--- Provided records Enclosed Below ---

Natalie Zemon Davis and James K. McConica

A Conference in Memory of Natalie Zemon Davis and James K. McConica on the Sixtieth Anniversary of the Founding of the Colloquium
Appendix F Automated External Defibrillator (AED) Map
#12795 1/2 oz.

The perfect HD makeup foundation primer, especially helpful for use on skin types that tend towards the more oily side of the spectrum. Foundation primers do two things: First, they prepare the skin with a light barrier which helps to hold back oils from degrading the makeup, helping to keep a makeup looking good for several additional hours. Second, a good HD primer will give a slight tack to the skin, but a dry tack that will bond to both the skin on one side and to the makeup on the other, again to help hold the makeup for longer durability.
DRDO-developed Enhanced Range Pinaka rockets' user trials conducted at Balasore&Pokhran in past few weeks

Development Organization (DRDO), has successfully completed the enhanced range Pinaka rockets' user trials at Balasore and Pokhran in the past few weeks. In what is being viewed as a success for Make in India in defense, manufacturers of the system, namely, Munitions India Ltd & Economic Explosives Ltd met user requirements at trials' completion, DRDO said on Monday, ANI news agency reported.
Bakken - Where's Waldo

--- End of Enclosed Provided records ---
--- Provided records Enclosed Below ---

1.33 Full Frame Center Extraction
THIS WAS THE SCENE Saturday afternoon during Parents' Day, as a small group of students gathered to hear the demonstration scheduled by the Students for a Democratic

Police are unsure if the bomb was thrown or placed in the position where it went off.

--- End of Enclosed Provided records ---

_What you need to do_: Leave out every line above except those from the line with "A Conference in" up to and including the line with "#12795 1/2 oz.", and copy those exactly.

_Written response_:
A Conference in Memory of Natalie Zemon Davis and James K. McConica on the Sixtieth Anniversary of the Founding of the Colloquium
Appendix F Automated External Defibrillator (AED) Map
#12795 1/2 oz.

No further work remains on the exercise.